Exercise aim: Retype the entries, please, from their first line to the line containing "近日,太原雙塔寺景區(qū)", exactly and only those lines, minus the pictures.

Content starts

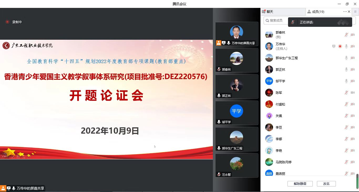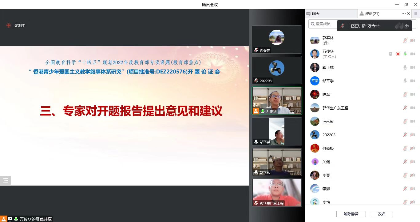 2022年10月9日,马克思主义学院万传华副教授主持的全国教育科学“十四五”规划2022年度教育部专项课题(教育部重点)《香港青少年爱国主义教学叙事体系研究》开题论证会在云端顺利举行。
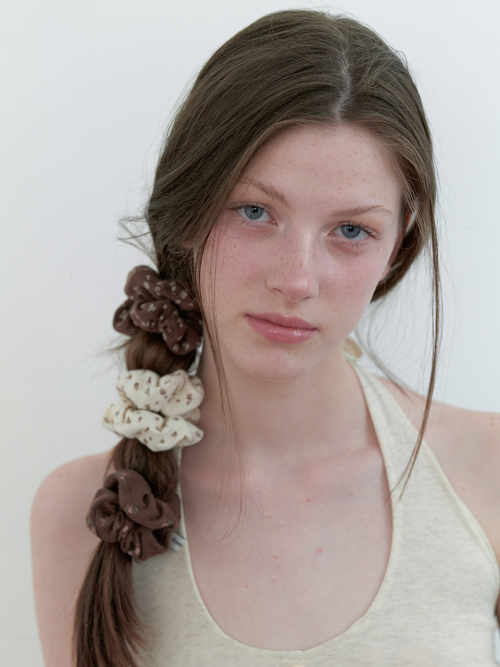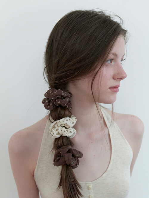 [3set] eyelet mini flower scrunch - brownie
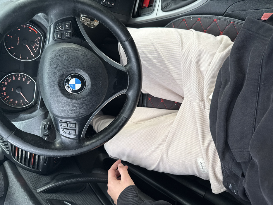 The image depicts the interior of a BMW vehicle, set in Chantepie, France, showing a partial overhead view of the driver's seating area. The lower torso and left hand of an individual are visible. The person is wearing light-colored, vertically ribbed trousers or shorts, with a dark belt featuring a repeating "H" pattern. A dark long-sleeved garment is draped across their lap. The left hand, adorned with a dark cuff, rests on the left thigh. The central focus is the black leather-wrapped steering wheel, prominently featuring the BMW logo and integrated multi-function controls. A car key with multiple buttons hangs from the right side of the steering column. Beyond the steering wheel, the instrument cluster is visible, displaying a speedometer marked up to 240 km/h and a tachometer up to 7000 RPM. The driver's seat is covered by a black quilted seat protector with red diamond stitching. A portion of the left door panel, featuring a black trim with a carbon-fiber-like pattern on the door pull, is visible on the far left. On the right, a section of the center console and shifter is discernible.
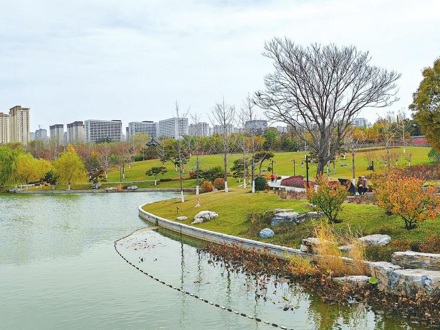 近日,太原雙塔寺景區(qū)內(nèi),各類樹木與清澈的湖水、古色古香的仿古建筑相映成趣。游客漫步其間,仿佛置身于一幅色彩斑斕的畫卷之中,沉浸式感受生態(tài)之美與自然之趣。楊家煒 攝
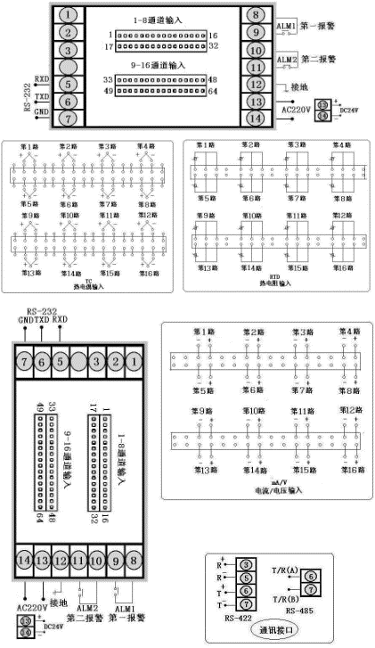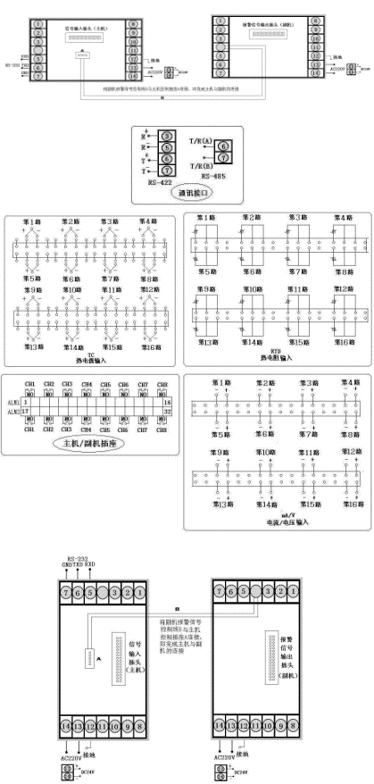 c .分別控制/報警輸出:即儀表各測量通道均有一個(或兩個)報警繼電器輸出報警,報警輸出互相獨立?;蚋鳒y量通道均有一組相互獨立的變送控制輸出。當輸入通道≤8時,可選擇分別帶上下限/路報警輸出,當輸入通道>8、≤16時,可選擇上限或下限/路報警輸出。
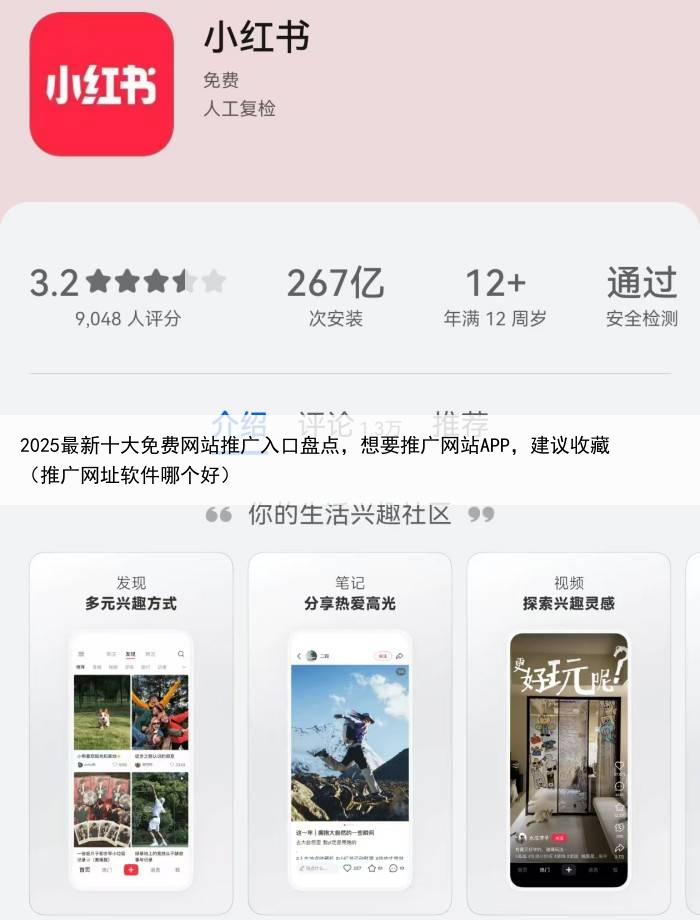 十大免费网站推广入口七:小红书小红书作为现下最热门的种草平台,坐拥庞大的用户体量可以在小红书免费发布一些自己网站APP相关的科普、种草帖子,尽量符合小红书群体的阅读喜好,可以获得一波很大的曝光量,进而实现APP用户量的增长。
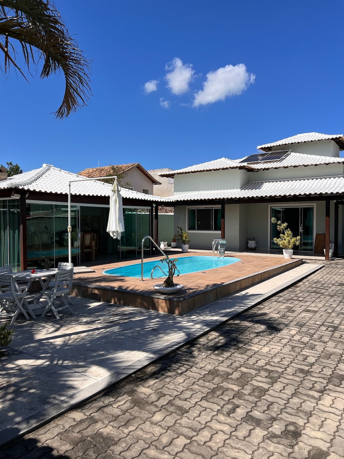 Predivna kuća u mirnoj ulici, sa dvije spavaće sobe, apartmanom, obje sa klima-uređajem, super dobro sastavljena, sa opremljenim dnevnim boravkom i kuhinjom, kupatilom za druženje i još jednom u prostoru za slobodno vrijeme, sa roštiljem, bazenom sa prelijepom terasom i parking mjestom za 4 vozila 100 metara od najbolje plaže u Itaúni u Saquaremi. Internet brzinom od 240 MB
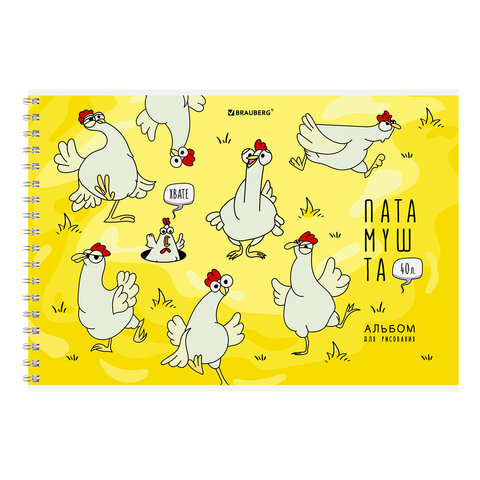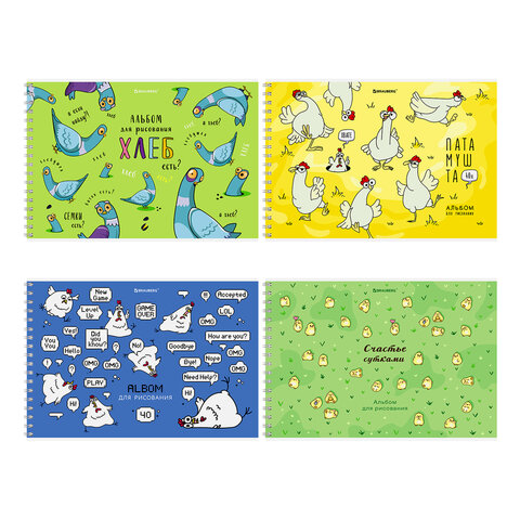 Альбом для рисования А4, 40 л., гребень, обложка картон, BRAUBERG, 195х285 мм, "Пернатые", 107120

Content ends

Result of this task:
 2022年10月9日,马克思主义学院万传华副教授主持的全国教育科学“十四五”规划2022年度教育部专项课题(教育部重点)《香港青少年爱国主义教学叙事体系研究》开题论证会在云端顺利举行。
 [3set] eyelet mini flower scrunch - brownie
 The image depicts the interior of a BMW vehicle, set in Chantepie, France, showing a partial overhead view of the driver's seating area. The lower torso and left hand of an individual are visible. The person is wearing light-colored, vertically ribbed trousers or shorts, with a dark belt featuring a repeating "H" pattern. A dark long-sleeved garment is draped across their lap. The left hand, adorned with a dark cuff, rests on the left thigh. The central focus is the black leather-wrapped steering wheel, prominently featuring the BMW logo and integrated multi-function controls. A car key with multiple buttons hangs from the right side of the steering column. Beyond the steering wheel, the instrument cluster is visible, displaying a speedometer marked up to 240 km/h and a tachometer up to 7000 RPM. The driver's seat is covered by a black quilted seat protector with red diamond stitching. A portion of the left door panel, featuring a black trim with a carbon-fiber-like pattern on the door pull, is visible on the far left. On the right, a section of the center console and shifter is discernible.
 近日,太原雙塔寺景區(qū)內(nèi),各類樹木與清澈的湖水、古色古香的仿古建筑相映成趣。游客漫步其間,仿佛置身于一幅色彩斑斕的畫卷之中,沉浸式感受生態(tài)之美與自然之趣。楊家煒 攝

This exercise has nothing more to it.